*** Opening Records to use ***

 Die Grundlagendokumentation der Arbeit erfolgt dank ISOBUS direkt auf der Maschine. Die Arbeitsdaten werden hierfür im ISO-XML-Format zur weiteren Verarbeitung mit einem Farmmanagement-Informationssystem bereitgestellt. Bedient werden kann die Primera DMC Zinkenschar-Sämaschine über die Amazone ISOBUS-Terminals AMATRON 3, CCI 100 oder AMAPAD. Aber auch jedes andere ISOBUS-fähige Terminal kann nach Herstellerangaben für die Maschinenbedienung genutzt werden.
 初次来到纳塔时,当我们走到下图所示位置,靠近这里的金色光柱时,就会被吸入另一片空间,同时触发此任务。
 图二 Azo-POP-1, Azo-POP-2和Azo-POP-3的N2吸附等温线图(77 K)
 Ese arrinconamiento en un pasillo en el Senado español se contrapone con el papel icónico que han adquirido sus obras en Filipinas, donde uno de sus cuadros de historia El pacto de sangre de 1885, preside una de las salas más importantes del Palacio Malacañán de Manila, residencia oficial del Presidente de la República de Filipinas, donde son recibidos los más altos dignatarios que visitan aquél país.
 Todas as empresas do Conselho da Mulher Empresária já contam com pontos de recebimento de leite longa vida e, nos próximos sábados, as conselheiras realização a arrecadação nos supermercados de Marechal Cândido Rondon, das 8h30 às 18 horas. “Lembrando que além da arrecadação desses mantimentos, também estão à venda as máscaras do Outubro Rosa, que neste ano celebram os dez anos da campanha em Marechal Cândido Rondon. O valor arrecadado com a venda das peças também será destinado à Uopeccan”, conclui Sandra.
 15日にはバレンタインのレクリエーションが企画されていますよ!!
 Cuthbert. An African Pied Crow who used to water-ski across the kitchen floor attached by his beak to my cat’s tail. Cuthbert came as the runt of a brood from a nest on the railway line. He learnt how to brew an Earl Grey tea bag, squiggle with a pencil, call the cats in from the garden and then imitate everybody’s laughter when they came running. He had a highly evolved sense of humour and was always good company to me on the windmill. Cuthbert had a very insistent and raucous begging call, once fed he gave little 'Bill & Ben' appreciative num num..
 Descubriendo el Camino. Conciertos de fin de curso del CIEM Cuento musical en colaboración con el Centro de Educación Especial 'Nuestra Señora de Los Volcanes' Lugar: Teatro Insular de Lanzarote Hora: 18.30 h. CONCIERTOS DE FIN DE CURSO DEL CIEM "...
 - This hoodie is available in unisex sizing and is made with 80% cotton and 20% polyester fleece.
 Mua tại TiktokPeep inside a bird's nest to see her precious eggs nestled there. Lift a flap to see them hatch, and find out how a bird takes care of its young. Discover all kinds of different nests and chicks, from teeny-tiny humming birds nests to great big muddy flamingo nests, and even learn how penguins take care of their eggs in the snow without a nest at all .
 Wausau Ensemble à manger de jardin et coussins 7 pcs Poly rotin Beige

*** Closing Records to use ***

> [Problem details] Print out each line of the data exactly.

> [Written reply]
 Die Grundlagendokumentation der Arbeit erfolgt dank ISOBUS direkt auf der Maschine. Die Arbeitsdaten werden hierfür im ISO-XML-Format zur weiteren Verarbeitung mit einem Farmmanagement-Informationssystem bereitgestellt. Bedient werden kann die Primera DMC Zinkenschar-Sämaschine über die Amazone ISOBUS-Terminals AMATRON 3, CCI 100 oder AMAPAD. Aber auch jedes andere ISOBUS-fähige Terminal kann nach Herstellerangaben für die Maschinenbedienung genutzt werden.
 初次来到纳塔时,当我们走到下图所示位置,靠近这里的金色光柱时,就会被吸入另一片空间,同时触发此任务。
 图二 Azo-POP-1, Azo-POP-2和Azo-POP-3的N2吸附等温线图(77 K)
 Ese arrinconamiento en un pasillo en el Senado español se contrapone con el papel icónico que han adquirido sus obras en Filipinas, donde uno de sus cuadros de historia El pacto de sangre de 1885, preside una de las salas más importantes del Palacio Malacañán de Manila, residencia oficial del Presidente de la República de Filipinas, donde son recibidos los más altos dignatarios que visitan aquél país.
 Todas as empresas do Conselho da Mulher Empresária já contam com pontos de recebimento de leite longa vida e, nos próximos sábados, as conselheiras realização a arrecadação nos supermercados de Marechal Cândido Rondon, das 8h30 às 18 horas. “Lembrando que além da arrecadação desses mantimentos, também estão à venda as máscaras do Outubro Rosa, que neste ano celebram os dez anos da campanha em Marechal Cândido Rondon. O valor arrecadado com a venda das peças também será destinado à Uopeccan”, conclui Sandra.
 15日にはバレンタインのレクリエーションが企画されていますよ!!
 Cuthbert. An African Pied Crow who used to water-ski across the kitchen floor attached by his beak to my cat’s tail. Cuthbert came as the runt of a brood from a nest on the railway line. He learnt how to brew an Earl Grey tea bag, squiggle with a pencil, call the cats in from the garden and then imitate everybody’s laughter when they came running. He had a highly evolved sense of humour and was always good company to me on the windmill. Cuthbert had a very insistent and raucous begging call, once fed he gave little 'Bill & Ben' appreciative num num..
 Descubriendo el Camino. Conciertos de fin de curso del CIEM Cuento musical en colaboración con el Centro de Educación Especial 'Nuestra Señora de Los Volcanes' Lugar: Teatro Insular de Lanzarote Hora: 18.30 h. CONCIERTOS DE FIN DE CURSO DEL CIEM "...
 - This hoodie is available in unisex sizing and is made with 80% cotton and 20% polyester fleece.
 Mua tại TiktokPeep inside a bird's nest to see her precious eggs nestled there. Lift a flap to see them hatch, and find out how a bird takes care of its young. Discover all kinds of different nests and chicks, from teeny-tiny humming birds nests to great big muddy flamingo nests, and even learn how penguins take care of their eggs in the snow without a nest at all .
 Wausau Ensemble à manger de jardin et coussins 7 pcs Poly rotin Beige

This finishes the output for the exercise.